(INPUT begins)

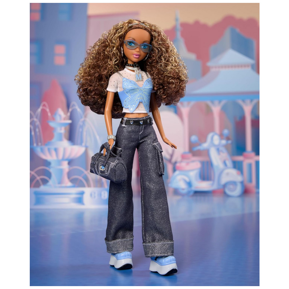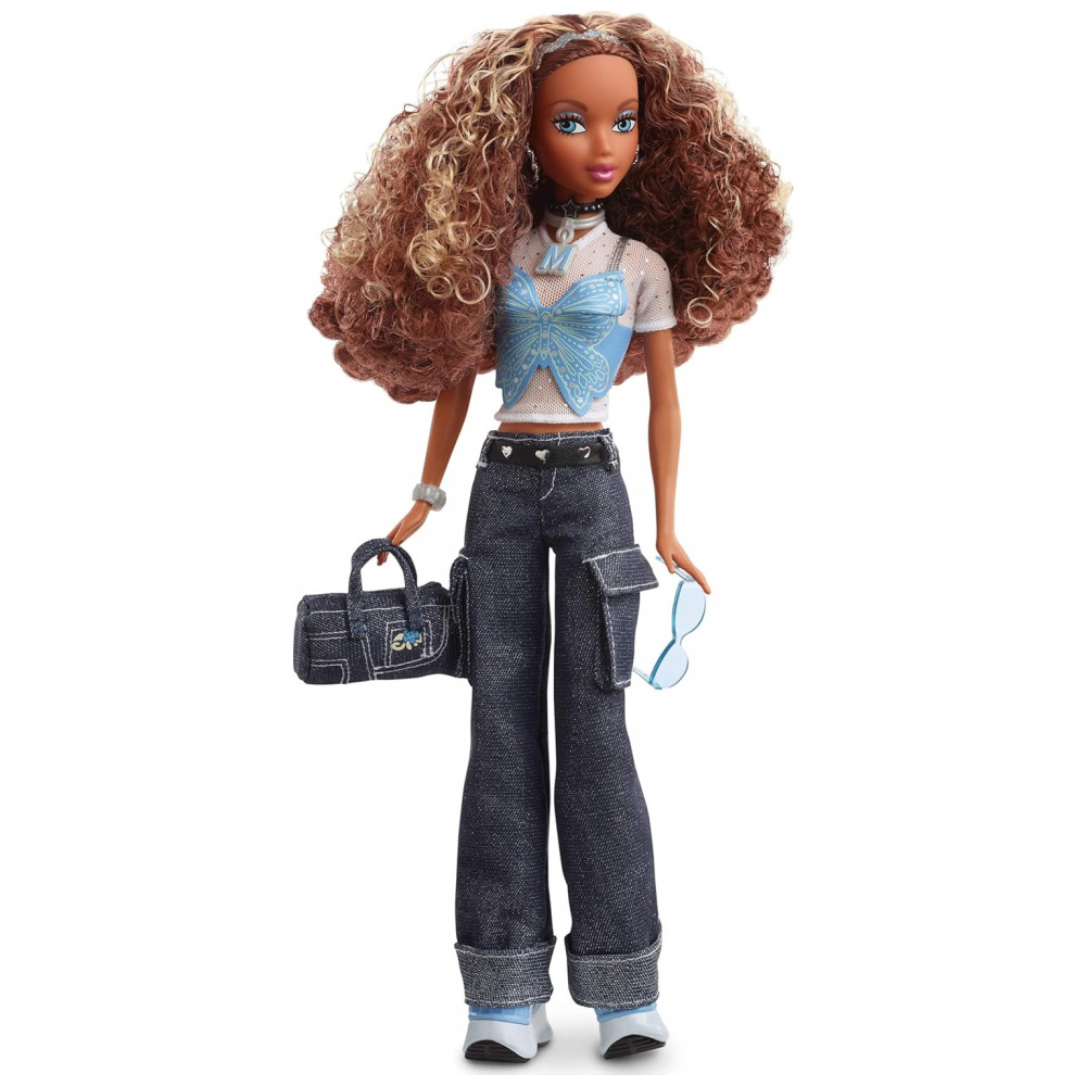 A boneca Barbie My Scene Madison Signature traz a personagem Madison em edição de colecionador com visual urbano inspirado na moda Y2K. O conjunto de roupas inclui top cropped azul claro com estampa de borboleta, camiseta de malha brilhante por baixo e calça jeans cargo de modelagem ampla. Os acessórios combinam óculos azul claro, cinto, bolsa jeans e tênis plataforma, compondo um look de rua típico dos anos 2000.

(INPUT ends)
(INPUT begins)

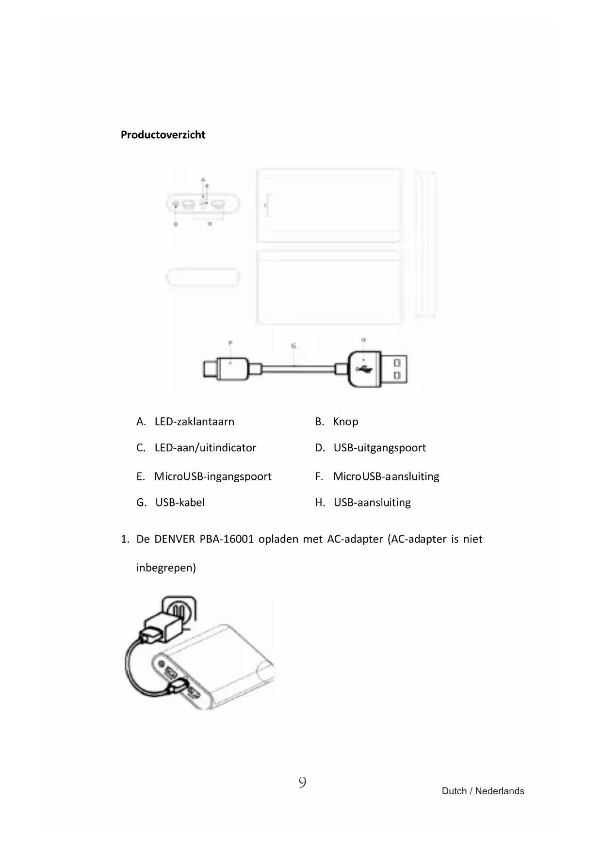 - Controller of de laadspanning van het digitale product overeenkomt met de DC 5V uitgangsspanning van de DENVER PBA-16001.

(INPUT ends)
(INPUT begins)

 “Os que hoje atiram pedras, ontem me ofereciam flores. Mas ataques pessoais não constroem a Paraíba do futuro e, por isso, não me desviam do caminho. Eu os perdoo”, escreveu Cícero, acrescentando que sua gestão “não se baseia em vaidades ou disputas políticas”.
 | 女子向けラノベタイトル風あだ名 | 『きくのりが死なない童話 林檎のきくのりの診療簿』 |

(INPUT ends)

All lines above from the one containing "que hoje atiram" to the one containing "女子向けラノベタイトル風あだ名 | 『きくのりが死なない童話 林檎のきくのりの診療簿』 |" must be repeated exactly, both lines included, and no others.

 “Os que hoje atiram pedras, ontem me ofereciam flores. Mas ataques pessoais não constroem a Paraíba do futuro e, por isso, não me desviam do caminho. Eu os perdoo”, escreveu Cícero, acrescentando que sua gestão “não se baseia em vaidades ou disputas políticas”.
 | 女子向けラノベタイトル風あだ名 | 『きくのりが死なない童話 林檎のきくのりの診療簿』 |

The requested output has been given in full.